SaaS data loss: The problem you didn’t know you had

Deep dive El Reg has teamed up with the Storage Networking Industry Association (SNIA) for a series of deep dive articles. Each month, the SNIA will deliver a comprehensive introduction to basic storage networking concepts. The first article explores data protection.

Part1: Fundamental Concepts in Data Protection

Data protection is about making data available when something is going wrong.

There is no business continuity without data availability. Data is a valuable yet vulnerable asset; it can be accidentally compromised or destroyed by viruses, a wrong patch or administrative errors. In addition human error can contribute to data loss (for example deletion of the wrong file), and also software can misbehave. Whenever this occurs you need an uncorrupted, clean copy to restore. This process is called recovery and data protection is bout making such a copy and the process of retrieving it.

Recovery is so much more than just restore

As data protection revolves much more around recovery than back up, it is worth looking at the recovery process, and in particular at its five phases.

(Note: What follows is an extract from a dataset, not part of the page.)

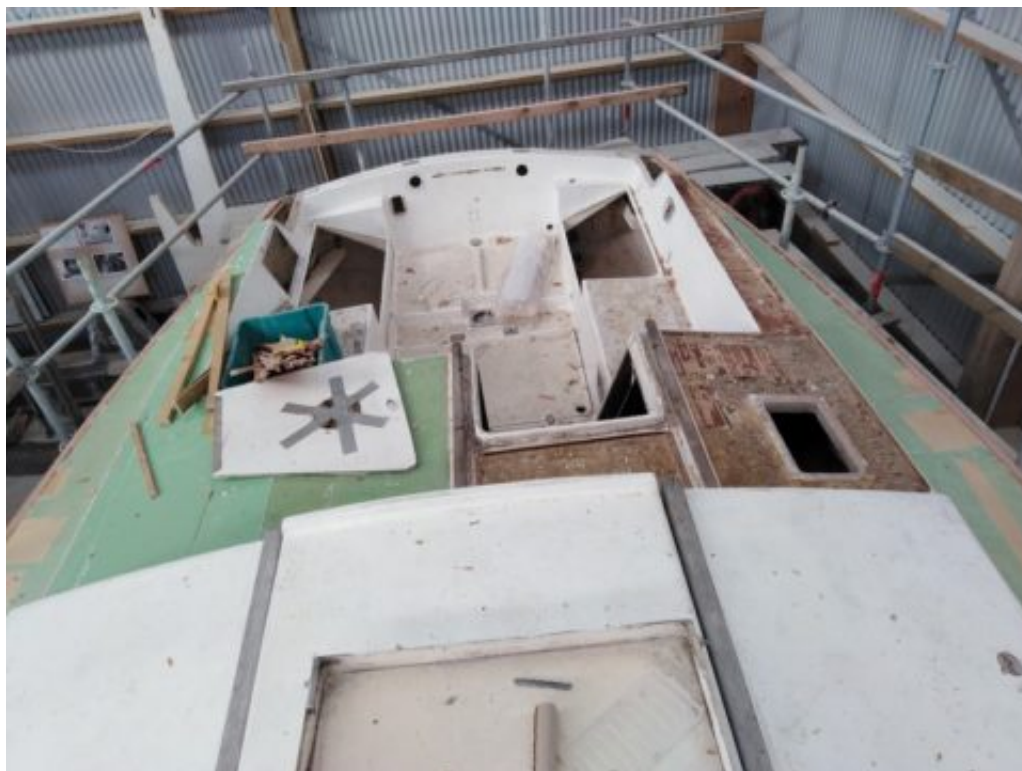
Étape intermédiaire : dégommage du sandwich dans le cockpit et remplacement par de la mousse

Detection First of all, we need to be aware of the issue by detecting it. If you just deleted a file or a directory the loss will be obvious but if your data has been corrupted by a virus for example, quite some time can pass before you notice and then you need to find out when the virus struck and what data has been affected. This leads us to phase two, the diagnosis.

Diagnosis The key point at this stage is to understand to what point in time you need to go back to retrieve the correct copy of the data, when it was still consistent and error-free. This is when you will also have to decide if you just need to recovery single files or a full back up. This will depend on your backup strategy and policies.

Restoration Now we come to phase three, the restoration of the compromised data, often mistaken for the complete process of recovery. This is the step where you physically copy (old) data to your production system. Depending on the accident before you can resume normal operations you might need to restart all your applications, replay logs from a database, or replay from a journal for a file system. This ensures that the amount of data you lose is kept to the bare minimum possible.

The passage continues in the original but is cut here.